The Mexican spotted owl is one of three spotted owl subspecies along with the northern spotted owl (famous for reduced timber-cutting reductions in the northwest to protect its old-growth habitat) and the California spotted owl. The Mexican spotted owl is one of largest owls in North America, between 16 to 19 inches tall with a wingspan of 42 to 45 inches. Females are larger and heavier than males.
Mexican spotted owls are brown with irregular brown and white spots on their abdomen, back and head; they blend well into the foliage. Owls’ night-hunting equipment includes good hearing, dark-circled eyes for seeing in the dark and feathers that allow a silent approach. The owls hunt rodents, lizards and small birds. They perch on a branch and swoop down on prey with sharp talons that kill quickly.
Owls need habitat for their prey like logs and snags. They also need cover from their predators: great horned owls and red-tailed hawks. They favor riparian canyons with pine and layers of cover like oak or the increasingly rare old growth mixed-conifer at high elevations.
An indicator species
Large fires like Horsehoe 2 (2011) in the Chiricahuas, Frye Fire (2017) in the Pinaleños (Mount Graham) and the Bighorn Fire (2020) in the Catalinas destroyed much old-growth forest. Some owls have moved to lower elevations out of burned areas, Grant said. “Overall, they are resilient, holding on where they can.”
The technicians also check out new potential habitat identified by remote sensing technologies and also by familiarity with owl nesting preferences.
“If we see a narrow canyon with steep walls, it’s a good prospect,” Grant said. “However, getting into the area may be difficult.”
The forest has three new seasonal technicians and one from last season. They had many hours of training from Fish and Wildlife Service. Currently, they are honing field skills and Grant is assessing their outdoors capacity. For example, if some are skilled at rock climbing, they can access more areas.

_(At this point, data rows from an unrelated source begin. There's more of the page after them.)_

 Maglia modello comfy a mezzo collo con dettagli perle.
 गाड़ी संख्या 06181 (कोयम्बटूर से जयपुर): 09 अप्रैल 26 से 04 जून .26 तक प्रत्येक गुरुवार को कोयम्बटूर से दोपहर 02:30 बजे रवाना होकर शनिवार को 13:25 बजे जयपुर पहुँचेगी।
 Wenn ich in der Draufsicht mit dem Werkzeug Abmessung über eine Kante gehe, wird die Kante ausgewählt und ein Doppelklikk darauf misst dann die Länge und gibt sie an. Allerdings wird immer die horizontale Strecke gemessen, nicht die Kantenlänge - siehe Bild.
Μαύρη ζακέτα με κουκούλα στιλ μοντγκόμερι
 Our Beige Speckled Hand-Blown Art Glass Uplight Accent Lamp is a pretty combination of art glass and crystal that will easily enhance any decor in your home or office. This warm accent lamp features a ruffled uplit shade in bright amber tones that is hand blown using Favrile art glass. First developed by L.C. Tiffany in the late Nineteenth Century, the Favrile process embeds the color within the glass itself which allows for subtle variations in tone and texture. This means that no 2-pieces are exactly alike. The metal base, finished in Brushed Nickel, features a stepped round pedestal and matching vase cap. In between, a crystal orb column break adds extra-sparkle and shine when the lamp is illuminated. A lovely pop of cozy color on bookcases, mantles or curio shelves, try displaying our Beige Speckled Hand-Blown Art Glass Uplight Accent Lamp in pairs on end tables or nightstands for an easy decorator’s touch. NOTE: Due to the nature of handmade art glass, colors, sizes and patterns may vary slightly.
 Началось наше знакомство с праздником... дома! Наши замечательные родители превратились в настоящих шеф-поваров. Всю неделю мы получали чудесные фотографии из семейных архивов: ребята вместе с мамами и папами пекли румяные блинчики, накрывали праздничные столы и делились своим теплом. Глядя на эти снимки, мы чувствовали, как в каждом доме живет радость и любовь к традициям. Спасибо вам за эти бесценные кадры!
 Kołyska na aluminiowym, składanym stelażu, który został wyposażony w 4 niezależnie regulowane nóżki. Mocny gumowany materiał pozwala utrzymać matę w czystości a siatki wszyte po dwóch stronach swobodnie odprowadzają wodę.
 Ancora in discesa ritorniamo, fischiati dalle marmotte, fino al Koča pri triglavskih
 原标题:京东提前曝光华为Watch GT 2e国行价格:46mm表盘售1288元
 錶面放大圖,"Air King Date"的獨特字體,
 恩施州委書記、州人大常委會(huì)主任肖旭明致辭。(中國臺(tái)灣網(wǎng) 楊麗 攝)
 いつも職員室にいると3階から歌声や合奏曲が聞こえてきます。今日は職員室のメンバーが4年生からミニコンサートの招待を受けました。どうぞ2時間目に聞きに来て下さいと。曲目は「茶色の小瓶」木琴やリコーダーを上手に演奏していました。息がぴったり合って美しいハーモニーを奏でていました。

Besides the forest-wide crew, two contractors are working in the Santa Catalinas. The Coronado district which administers Mount Graham (Pinaleños) has a wildlife biologist and two technicians. The area also hosts the Mount Graham red squirrel, a subspecies found only on Mount Graham and listed as endangered since 1987. With an endangered squirrel and a threatened owl, “they have their hands full and we also help them out,” Grant said. This year, a contractor couple will also cover the remote Galiuro Mountains.
Although the owl has a large geographic range, it’s habitat is narrow. It’s usually the top predator, Grant said. “That’s why the Mexican spotted owl is important. It’s a critical component of this habitat.”
When a predator is removed, its prey base often expands rapidly, either overrunning an area or starving.
“If the owl isn’t there to manage that amount of prey, they can affect other resources,” Grant said. The owl is also an indicator species for a healthy old growth system.
Although you shouldn’t seek out owl nests, if you’re hiking at twilight, Grant said, be quiet and listen, you may hear an owl calling. “We have seen owls along trail systems, out foraging.”
How many owls are there in the Catalinas? The technicians aren’t doing a precise count of the the owls. A complete owl census has never been done and would be too expensive and not that useful to managers. They need to know how and whether their actions impact owl habitat and population. The ultimate goal is recovering populations so they no longer need special protections.
“Individual owl surveys in the PACs inform management, so occupancy and breeding status are what is important at (that) scale,” Fish and Wildlife Service biologist Hedwall said. Fish and Wildlife Service will scale data from the PACs up to larger areas. Occupancy and trend of owls and habitat through time is how the agency evaluates Mexican spotted owl population health.
“It will take several years to begin determining the trend of the owl and its habitat,” Hedwall added.